Eric began sipping his milk again. For the first second of doing so, he closed his eyes so he didn't really catch what happened until after he opened his eyes. It was then when Kaji spontaneously decided to go lesbo and fondle Risa's boobs. Of course, he had the urge to spray milk from his mouth into Risa's face from laughter, but he dropped the instinct and instead calmly sipped the milk again.
"Kaji, you are one twisted chick..." He commented. "If anything you need to do more than just grope, you need to experiment and enjoy it. You should try finding out what makes her tick." He grabbed his cinnamon and chewed another bite. "Moreover, you don't say that they're too flat especially when they're her age. Instead, you should try putting it in more complex wording- makes them feel more special when big words are used for their tiny titties."


----------



## Damaris (Jun 7, 2010)

*Risa Hibiki*

It was a good thing Risa had put down the cup of coffee, because when Kaji flew—there was really no other word to describe the sheer shock of movement that sent the other woman spinning across the table towards her—at her, if she'd still been drinking she probably would have spit the hot liquid all down herself and across Kaji; not the most dignified of situations, and she quite liked this outfit. But when Kaji's hands landed on her breasts, Risa's careful hold on her restraint snapped. She leaned backwards, her right palm striking the table and sending her mug off onto the floor, shattering in a dozen pieces. Shit, she thought to herself, unsure of what to do with Kaji. The woman wouldn't let go of her and Risa was wondering if she'd have to hit her when suddenly Kaji was back on the other side of the table, complaining that Risa's breasts were too small as if nothing had happened. 

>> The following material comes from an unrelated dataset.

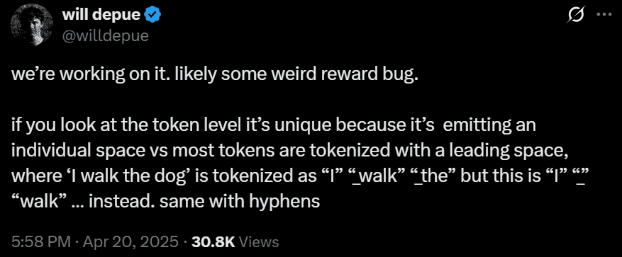 There’s one more thing: when o3 was released, various people on X/Twitter noticed some weird output patterns from it, such as putting em dashes in python code where a minus sign should go. Will Depue, working at OpenAI, replied to one to em-dash-noticing posts with the following:

Eric looked as if he could barely control his laughter, and the moment he opened his mouth Risa knew he'd have nothing of use to say. *“Didn't anyone ever tell you not to talk with your mouth full?”* She asked, grabbing her sketchbook and dropping enough money on the table to cover both her drink and the broken mug.* “Why are you out here on a school day, anyway, aren't all the kids supposed to still be in class?”* Just the perfect end to the perfect morning; another man revealing himself to have the maturity of a slightly deranged cow. She shoved the chair back with a tad more force than might have been necessary, and sighed as she felt the upright back bump into someone. What a joy.

She stood up and turned around, face-to-face (Well, maybe face-to-shoulder, she wasn't the tallest around) and glared up at the man.* “Vulgar words are the language of fools and imbeciles, you fucking asshole,”* she said calmly. Well, maybe she was a hypocrite. There were worse things to be, she thought, even if she couldn't think of them right now. *“I'm very sorry that I bumped into you, but you don't seem to be hurt, judging from the liveliness of your response, and you don't seem very polite either.”* That was a bit wordy of her, but what did she have to lose. There was no possible way this day could get worse.


----------



## Chaos (Jun 9, 2010)

*Opaque Flame, Future Express*

His phone rang. Opaque cursed again, turned his back to the volatile girl that had just insulted him and walked away, not saying another word. He left the bar and picked up his cell. "What you want?" He was really pissed and didn't care to hide it. "Ho ho, Kali, not so grumpy, will ya?" Opaque cursed again, even harsher. He didn't like that fuckhead they'd assigned to be his editor. Actually, he hated the guy. "I said what do you want" A sigh sounded trough the receiver. "Really, at least today you should be a little happier" Opaque's teeth ground over each other as he once again voiced his single question. "What the FUCK do you want of me?" His editor's voice turned serious. "Fine, whatever you wish. Bring over the manuscript of your first chapter. You've been serialized." The beeping indicated that his editor had hung up.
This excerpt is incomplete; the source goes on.